Die „Bocca di Leone“ war in finsteren Zeiten eine feste Einrichtung der venezianischen Stadtoberen, die zur Denunziation aufforderte. Hier konnte man gefahrlos Freund wie Feind verraten. Es schüttelt uns. Und so zitiert mein italienischer Freund mit liebenswertem Akzent einen deutschen Dichter, den deutschesten aller deutschen Dichter, Hoffmann von Fallersleben: „Der größte Lump im ganzen Land, das ist und bleibt der Denunziant.“
Petze, Petze ging in Laden,…
Dieser Kinderreim, jedenfalls so wie ich ihn interpretiere und soweit er heute noch bei der Erziehung in Gebrauch ist, soll sagen: Der „Lohn“ fürs Denunzieren bringt am Ende nur Ärger. Nicht die schlechteste Lehre,wenn es um Sandkasten-Freundschaften geht.

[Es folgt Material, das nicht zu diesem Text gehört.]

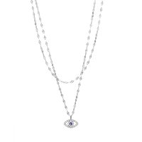 Ασημένιο κολιέ 925, διπλή αλυσίδα και ματάκι, με μπλέ κεντρική πέτρα και μικρότερες λευκές πέτρες ζιργκόν.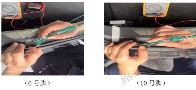 10、重新整车思路, 分析还是车辆线路故障; 用试灯测试 SRR1 电池供电 6 号脚和 IG 电源 10 号脚,发现 6 号脚的供电灯光很暗, IG电源很亮,分析为 6 号脚供电线路存在虚接情况。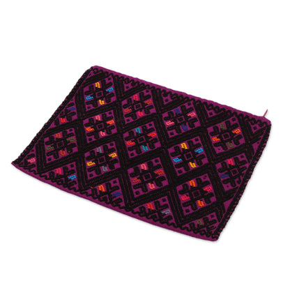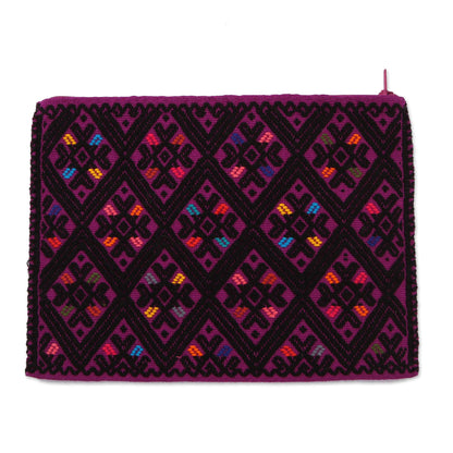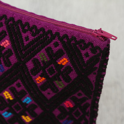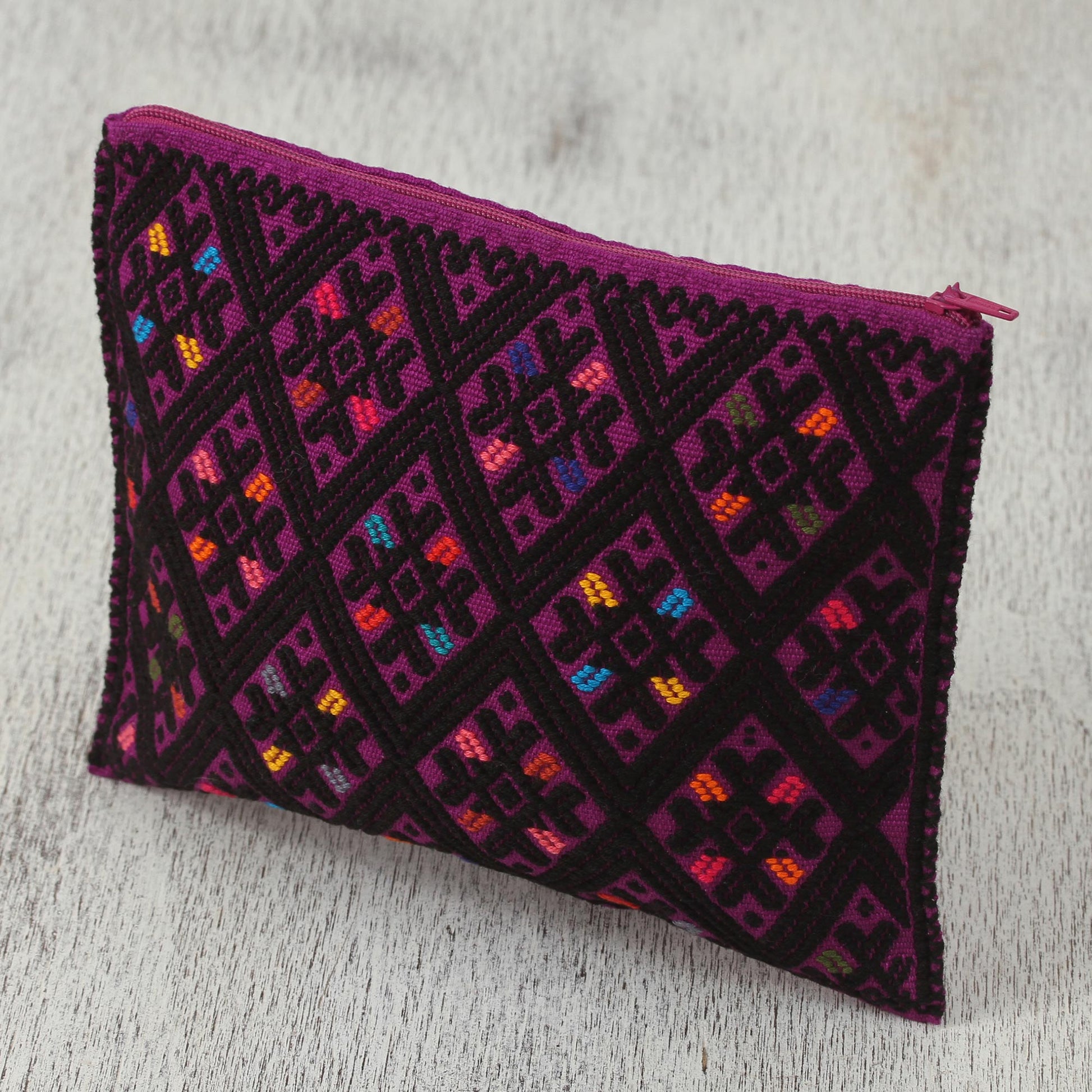 Carrying your necessities with ease, this dreamy cosmetic bag from Mexico is designed by Angelina Gomez. She hand-weaves this bag of cotton on the traditional telar de cintura, or backstrap loom to feature black and multicolored geometric patterns over a body of amethyst. This cosmetic bag opens with a zipper to a roomy, unlined interior.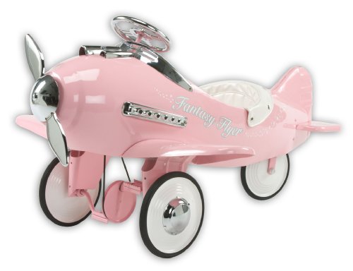 Imagination Flies High in our Retro-Style Pedal Planes Styledfrom the classic originals, these beautiful pedal planes will spark theimagination of any junior pilot or adult collector. The planes are madefrom heavy-guage stamped steel and sport a high gloss powder-coatfinish; they are finished off with attractive decorations, chromedetails and a leather-like padded seat. The pedals will move the planeforward and back while spinning the propeller; and the tearing wheelturns the airplane using the rear wheel -- just like the real thing!Fashioned after our nostalgic Silver Pursuit Plane, the Fantasy Flyer comes with a custom padded seat, bright pink powder coat and shiny chrome detailing. Like all our planes it has a moving spring-loaded propeller, sealed ball bearing drive, non-slip pedals and high-traction tires. It is finished in a long-lasting lead-free powder coat and adorned with original-vintage graphics. Built for the typical youngster ages 2 to 5 years old.Specifications Dimensions - Height (Inches) 26 Dimensions - Length (Inches) 45 Dimensions - Width (Inches) 35 Gross Weight (lbs.) 33 Shipping Carton Dimensions - Height (Inches) 16 Shipping Carton Dimensions - Length (Inches) 48 Shipping Carton Dimensions - Width (Inches) 21 Shipping Carton Gross Weight (lbs.) 46 Finish Lead Free Powder Coat Paint w/Decals Materials Heav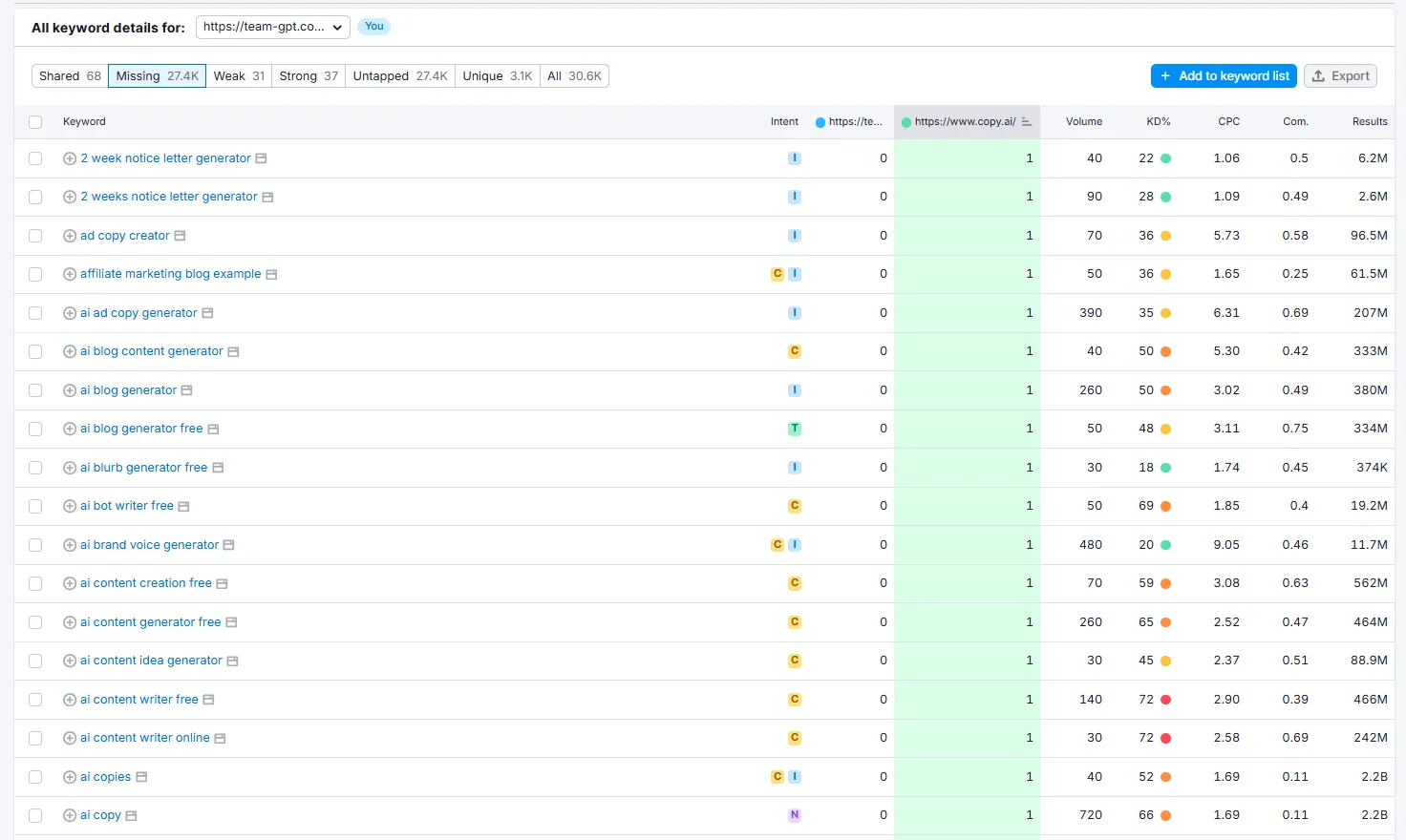 For example, here’s me comparing Team-GPT’s domain against Copy AI: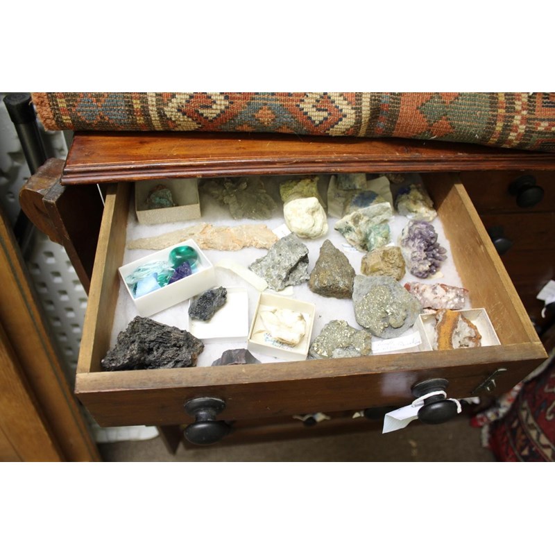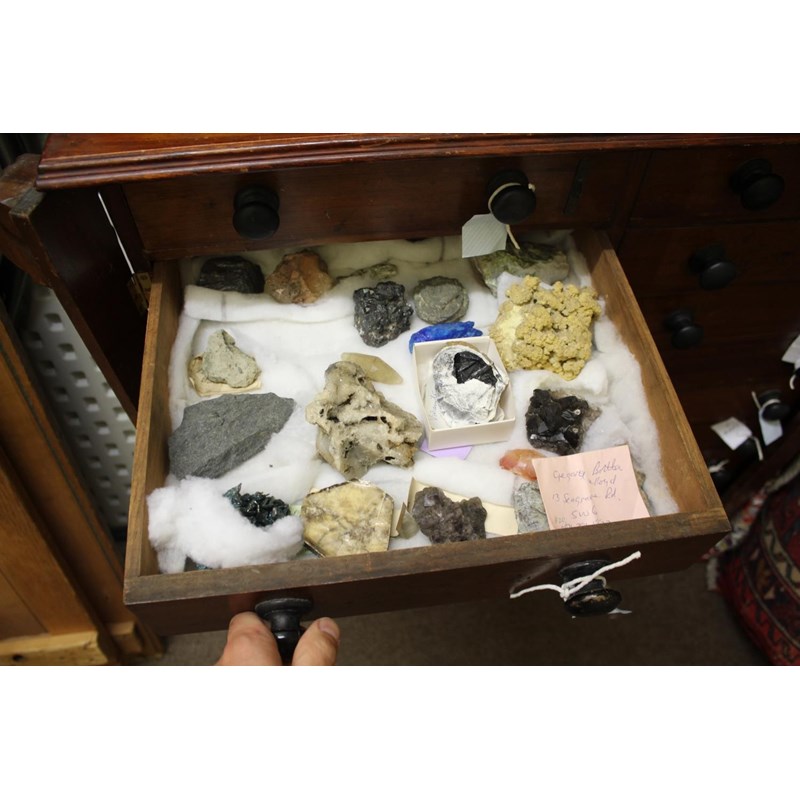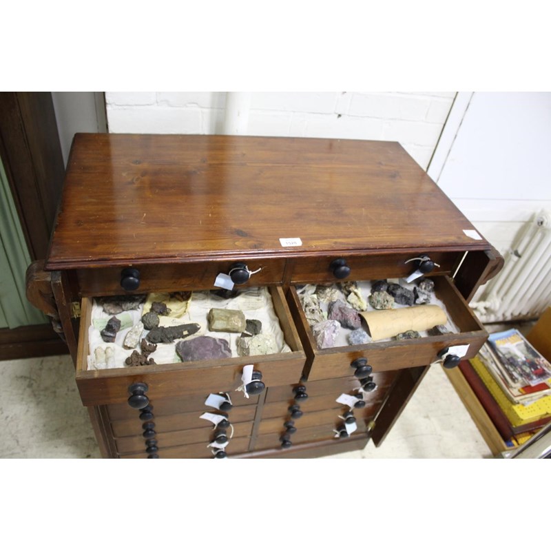 VICTORIAN COLLECTORS CABINET - GEOLOGICAL SPECIMENS & FOSSILS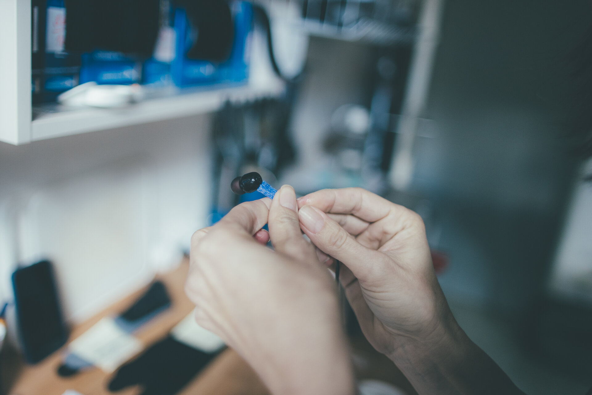 - Zkuste využít vlastní tělo nebo předměty kolem sebe jako opěrnou plochu při manipulaci se sluchátky.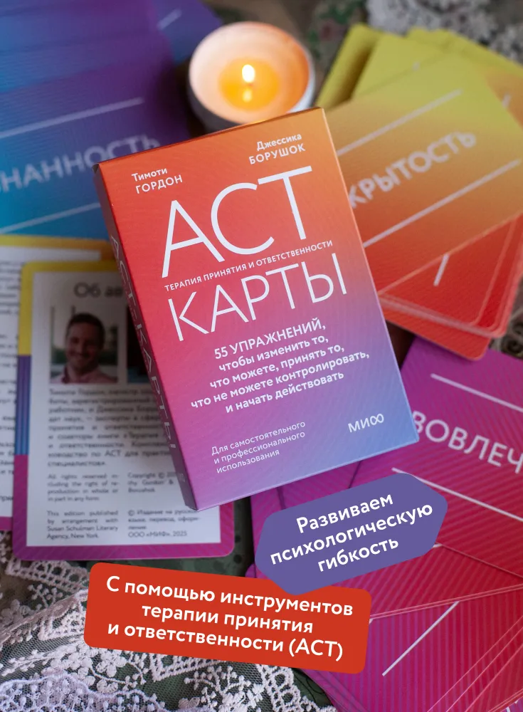 В коробке вы найдете три типа практик от экспертов ACT Тимоти Гордона и Джессики Борушок: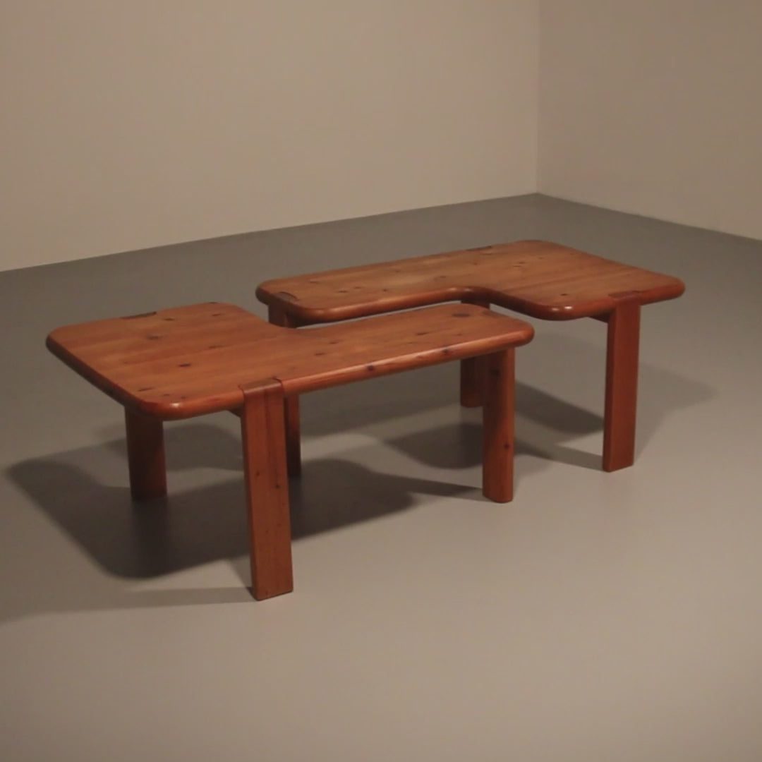 Dimensions are: 100cmx55cmx49cm, combined it's approx. Wonderful pair of rare wooden tables by Aksel Kjersgaard for Odder furniture, Denmark in very good condition. These two L-shaped tables can be used in various combinations which makes them suitable for many different purposes, as coffee table, side table, or end tables for example. The tables are made of a solid heavy pine wood with rounded edges which gives a them beautiful organic shape.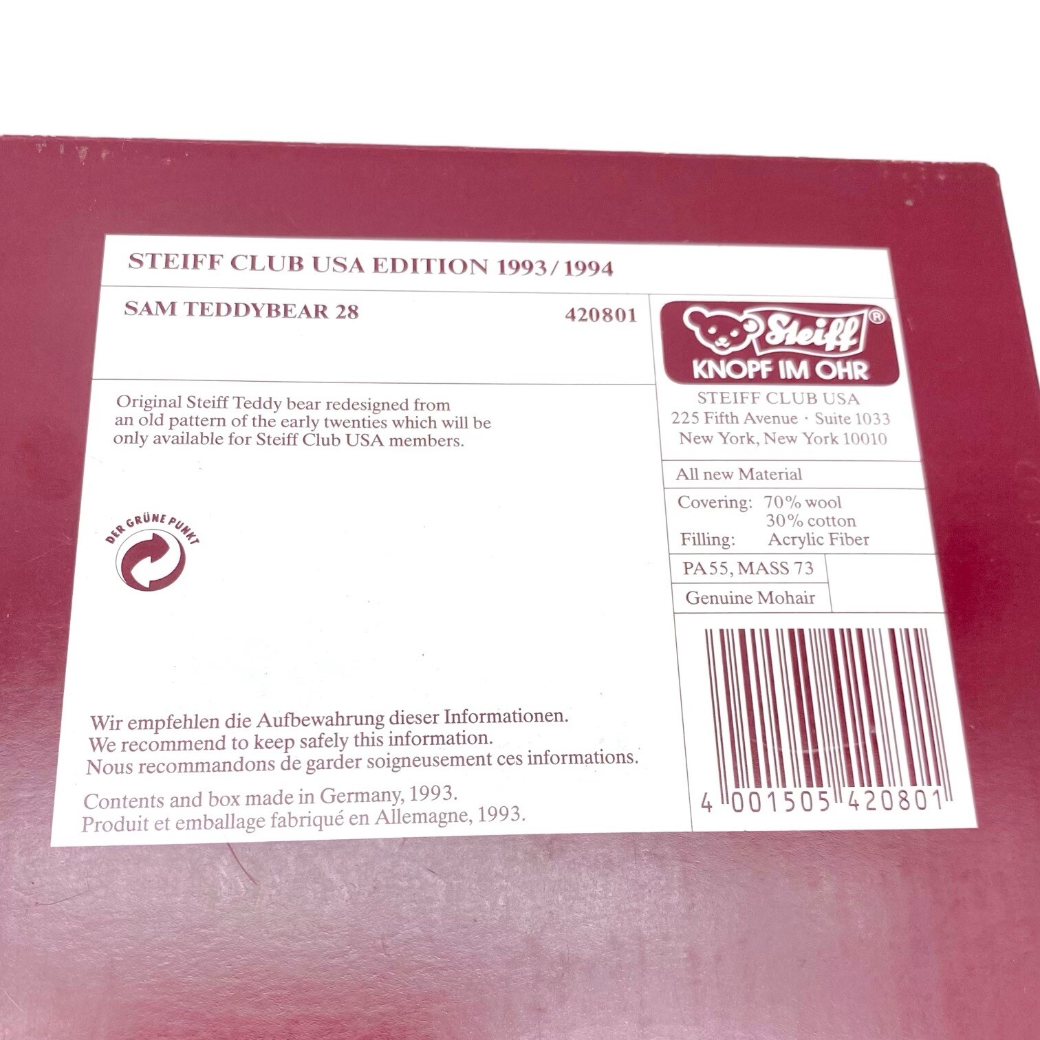 Steiff Club USA Sam Teddy Bear 1993/94 Premiere Mohair Germany Medal

Allerdings, selbst wenn diese Lehre auch im Erwachsenenleben fruchtet: Nicht nur ausgebuffte Kommunikations-Experten wissen, dass Denunzianten nie aussterben werden. Leider, kann man sagen, aber das ist zutiefst menschlich. Gerade absenderlos gesteckte Informationen werden ihren Reiz immer behalten. Für Empfänger und Absender, wohlgemerkt.
Die Wistleblower-Organisationen in Unternehmen z.B. wollen das neben den üblichen Flurfunk-Informationen nutzen – egal welcher Unsinn zwangsläufig auf dem Tisch des Compliance-Officers landet (Ist das schon mal untersucht worden? Ernsthafte Info erbeten).
Umso mehr kommt es auf die Bewertung der zugeworfenen Informationen an (Variation der bekannten Knochentheorie). Was ist ein echter Regelverstoß? Was ein Fake? Da kann man böse reinfallen. Das ist oft sogar gewollt; dahinter steckt also wirklich ein Lump
Aber es gibt durchaus noch subtilere Wege als den (heute meist elektronischen) „Ich-weiß-was-Briefkasten“, um in der Kommuniktionsarbeit – für was und wen auch immer – seine Ziele zu verfolgen. Das ist so neu auch nicht – allerdings im Vergleich zur platten Denunziation schon eher hohe Schule. Wer das beherrscht, kann davon u. U. ganz gut leben. Und womit? Mit Recht.
Nein, nein, mehr sag ich hier nicht dazu. Mitnehmen – lieber Leser – solltest Du aber eins: Lumpen lauern überall. Selbst wenn es um erklärte Meinungsäußerungen geht. Spitze Finger sind bei Quellen- und Inhalsprüfung angezeigt.
Nur noch soviel zur sozialen Praxis des modernen Denunziantentums speziell in und um Berlin: Parksünder werden hier seit einiger Zeit mittels App fürs Smartphone unter dem Stichwort „Petze“ angeschwärzt. Also nochmal – Vorsicht! Ehrlich!
Dieter Krause
Bis heute weiß ich nicht, wer mich beim Verfassungsschutz als KPD-Kader denunziert und jene sorgfältige, aber unvollständige Liste meiner Teilnehme an (legalen) Demonstrationen zusammengestellt hat, die mir 1977 zur Begründung meiner Nichtverbeamtung vorgelegt wurde. Aber das war nicht Denunziation, sondern Schutz der FdGO und bleibt darum bis nach meinem Tod das Geheimnis der charakterlosen Genossen, die sich damit ein kleines Zubrot verdient haben.